Data for analysis:

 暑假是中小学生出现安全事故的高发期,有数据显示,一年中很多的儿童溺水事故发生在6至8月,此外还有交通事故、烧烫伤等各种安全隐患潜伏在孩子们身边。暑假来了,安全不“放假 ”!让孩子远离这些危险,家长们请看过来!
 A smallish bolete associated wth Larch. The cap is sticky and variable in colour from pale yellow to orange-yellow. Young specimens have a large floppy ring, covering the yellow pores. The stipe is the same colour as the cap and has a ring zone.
==
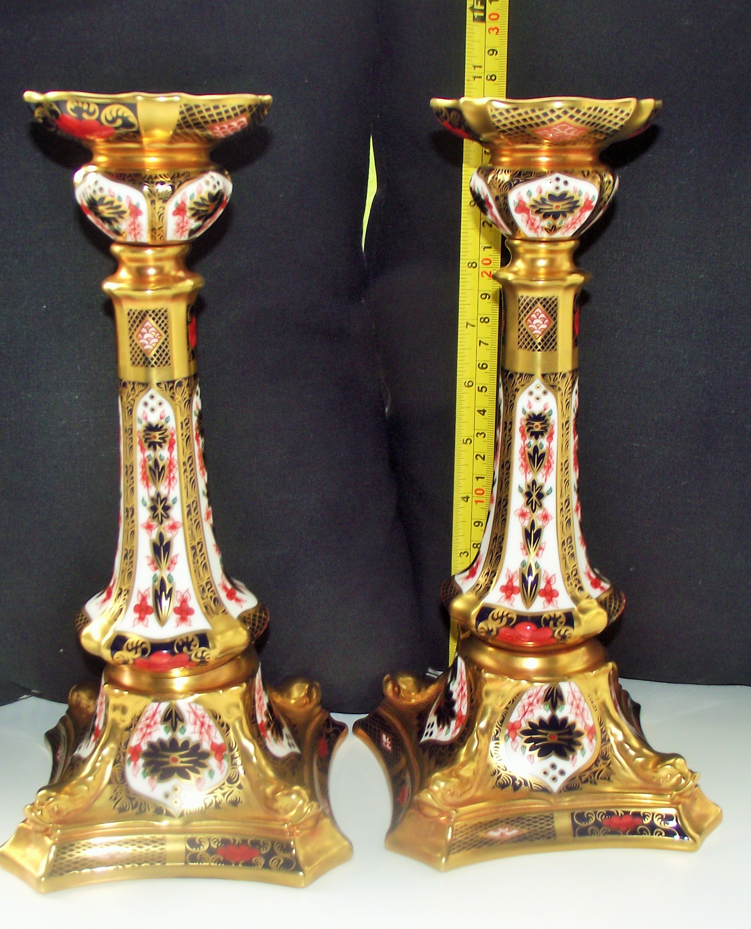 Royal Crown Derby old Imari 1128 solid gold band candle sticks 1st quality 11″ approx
* * *
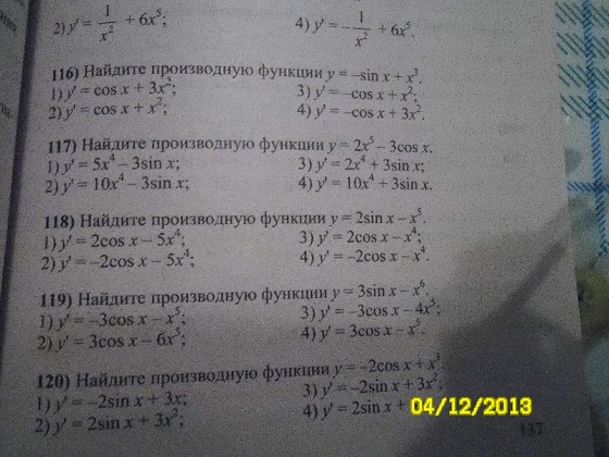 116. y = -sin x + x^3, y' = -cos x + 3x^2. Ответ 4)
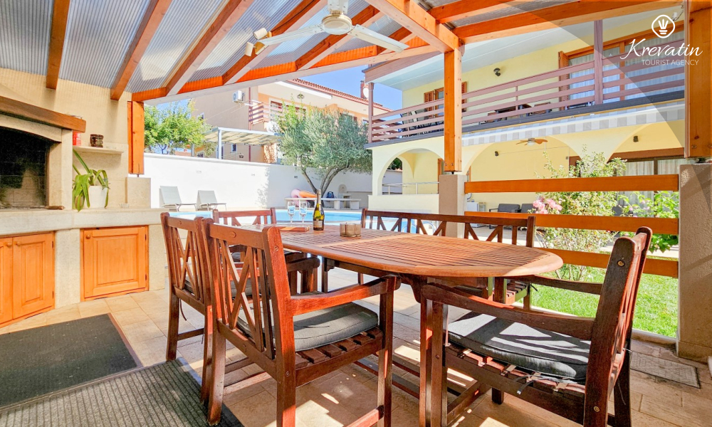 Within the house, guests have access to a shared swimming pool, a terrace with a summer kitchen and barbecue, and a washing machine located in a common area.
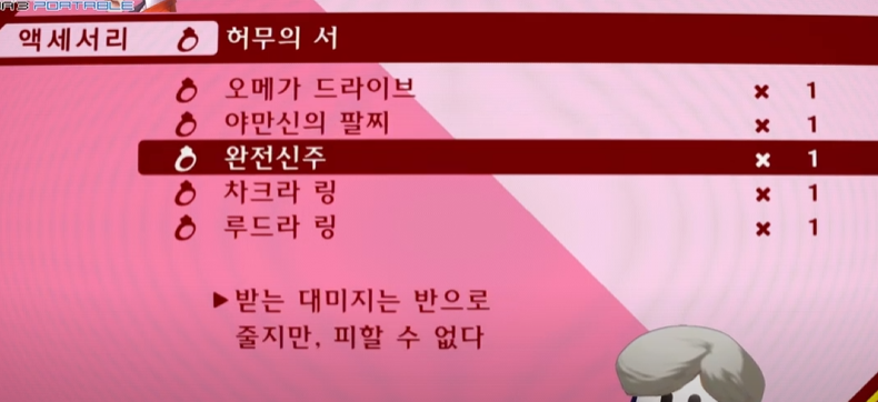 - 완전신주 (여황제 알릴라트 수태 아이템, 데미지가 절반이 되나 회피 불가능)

Prompt:
Look above for the line containing "暑假是中小学生出现安全事故的". Output from there through the line containing "A smallish bolete", exactly and inclusively.

Reply:
 暑假是中小学生出现安全事故的高发期,有数据显示,一年中很多的儿童溺水事故发生在6至8月,此外还有交通事故、烧烫伤等各种安全隐患潜伏在孩子们身边。暑假来了,安全不“放假 ”!让孩子远离这些危险,家长们请看过来!
 A smallish bolete associated wth Larch. The cap is sticky and variable in colour from pale yellow to orange-yellow. Young specimens have a large floppy ring, covering the yellow pores. The stipe is the same colour as the cap and has a ring zone.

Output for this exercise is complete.